Algebra 1

line a: $y = 3x + 3$ line b: $x = -1$ line c: $y - 5 = 1/2* (x-2)$ line d: $y = 3$ line e: $y + 4 = -2*(x+6)$ line f: $9x-3y =5$ Converting all lines (where possible) to slope-intercept form lines a, b, and d are already in slope-intercept form (or are horizontal or vertical lines) C: $y - 5 = 1/2* (x-2)$ $y - 5 = 1/2*x -1$ $y - 5+5 = 1/2*x -1+5$ $y = 1/2*x +4$ E: $y + 4 = -2*(x+6)$ $y + 4 = -2x - 12$ $y + 4 - 4 = -2x - 12 -4$ $y = -2x - 16$ F: $9x - 3y = 5$ $9x - 3y +3y -5= 5+3y -5$ $9x - 5 = 3y$ $3y = 9x-5$ $3y/3 = (9x-5)/3$ $y = 3x - 5/3$ line a: $y = 3x + 3$ line b: $x = -1$ line c: $y = 1/2*x +4$ line d: $y = 3$ line e: $y = -2x - 16$ line f: $y = 3x - 5/3$ Parallel lines have the same slope.
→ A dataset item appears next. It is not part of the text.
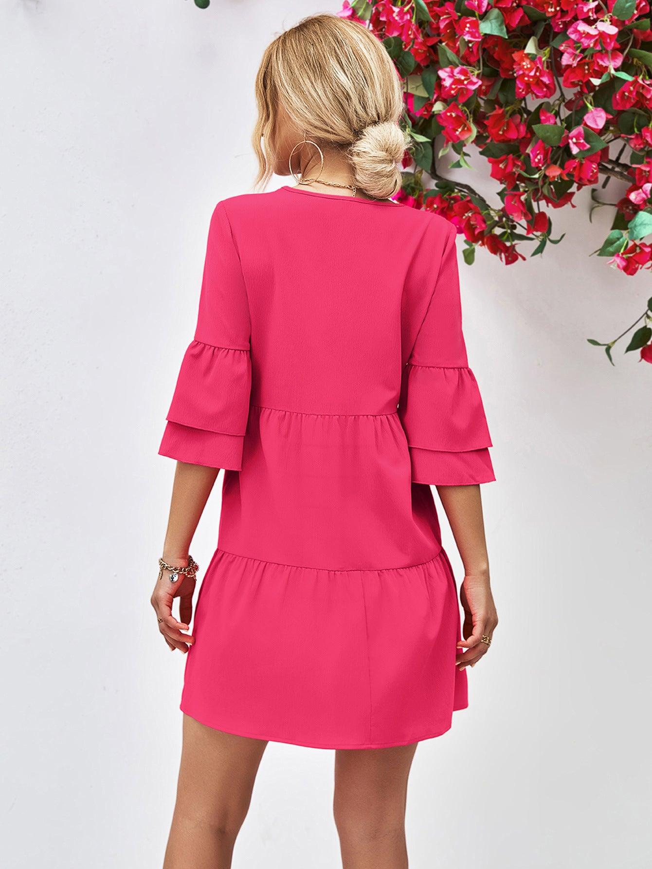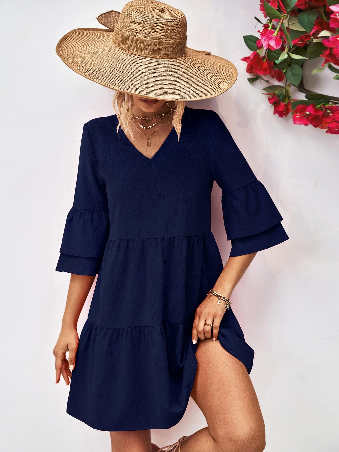 Indulge in the exquisite charm of the Womens Mini Dress-V-Neck Flare Sleeve Mini Dress. Embrace elegance and grace with its ruffle neckline and flowing flare sleeves. This dress is not just a garment; it is a declaration of style and sophistication.

Thus lines a and f are parallel ( $m= 3$). Perpendicular lines have a product of their slopes equal to -1. Thus, lines c and e are perpendicular. Also, lines b and d are perpendicular since the angle made by the two lines is a 90 degree angle (definition of perpendicular).